WHAT IS REQUIRED =>
What you write must match, character for character, the lines from the one with "1895 Corsivo Stresa" down to the one with "町を散策しながら、謎を解いた" in the listing below, minus its pictures.

DATA EXCERPTS =>
═══
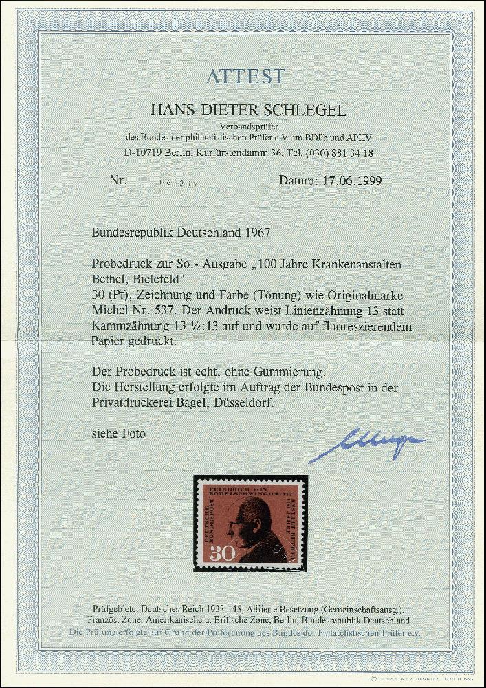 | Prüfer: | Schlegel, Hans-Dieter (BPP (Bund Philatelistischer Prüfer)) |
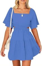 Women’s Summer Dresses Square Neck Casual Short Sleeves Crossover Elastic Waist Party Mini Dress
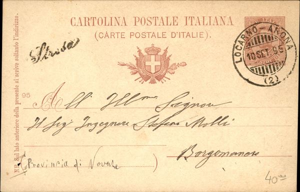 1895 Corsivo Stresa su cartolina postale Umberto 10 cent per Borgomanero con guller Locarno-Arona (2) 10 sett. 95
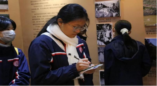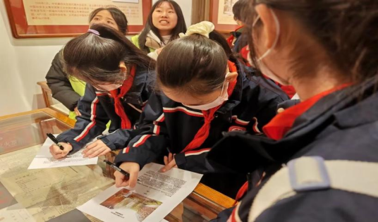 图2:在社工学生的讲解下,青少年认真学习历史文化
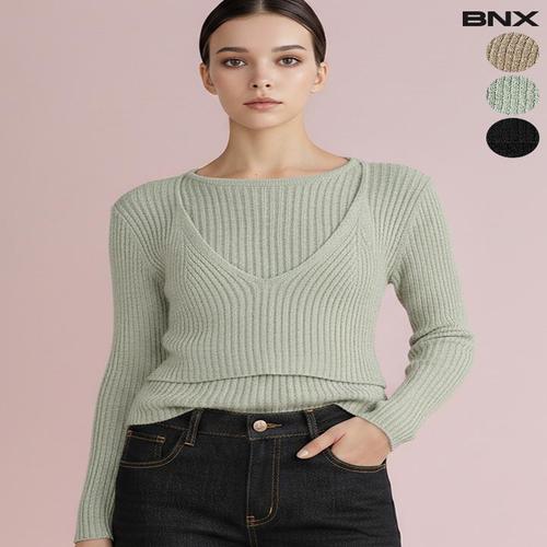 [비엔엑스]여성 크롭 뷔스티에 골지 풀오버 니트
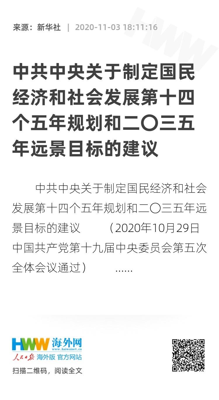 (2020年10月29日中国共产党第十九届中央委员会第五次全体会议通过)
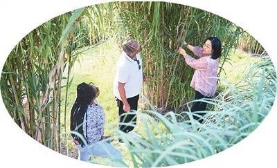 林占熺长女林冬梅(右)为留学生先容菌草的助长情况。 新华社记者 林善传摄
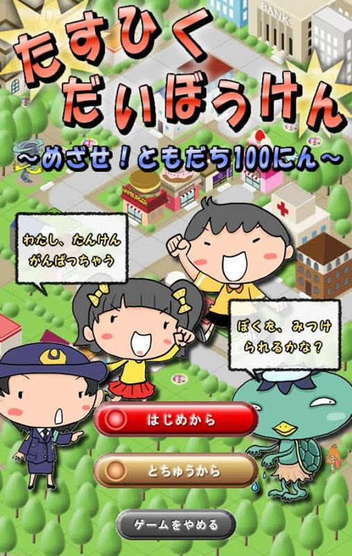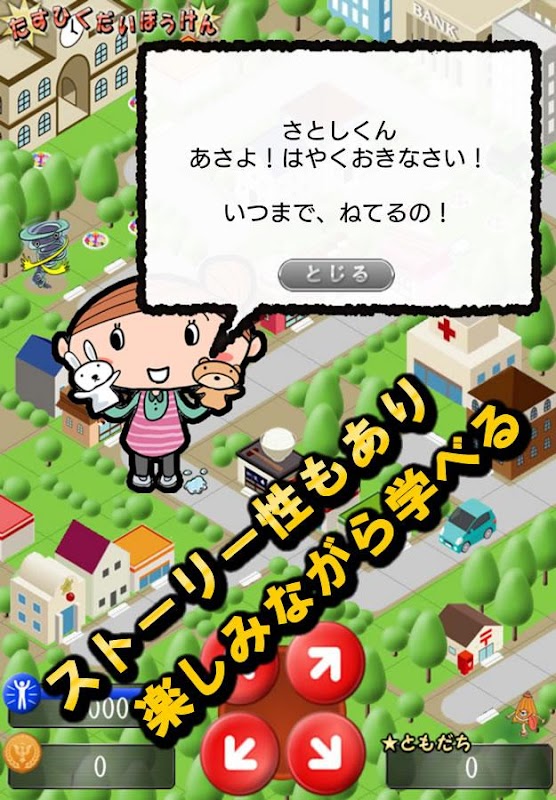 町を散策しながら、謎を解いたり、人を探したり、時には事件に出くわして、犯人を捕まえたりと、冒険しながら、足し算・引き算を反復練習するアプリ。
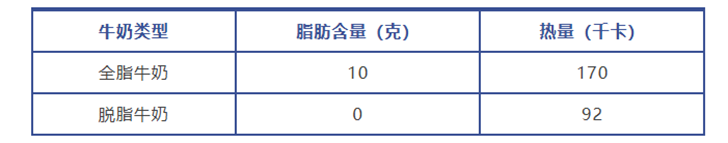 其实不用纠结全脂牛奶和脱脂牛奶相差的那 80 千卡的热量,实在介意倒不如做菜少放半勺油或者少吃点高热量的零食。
═══
EXERCISE SOLUTION =>
 1895 Corsivo Stresa su cartolina postale Umberto 10 cent per Borgomanero con guller Locarno-Arona (2) 10 sett. 95
 图2:在社工学生的讲解下,青少年认真学习历史文化
 [비엔엑스]여성 크롭 뷔스티에 골지 풀오버 니트
 (2020年10月29日中国共产党第十九届中央委员会第五次全体会议通过)
 林占熺长女林冬梅(右)为留学生先容菌草的助长情况。 新华社记者 林善传摄
 町を散策しながら、謎を解いたり、人を探したり、時には事件に出くわして、犯人を捕まえたりと、冒険しながら、足し算・引き算を反復練習するアプリ。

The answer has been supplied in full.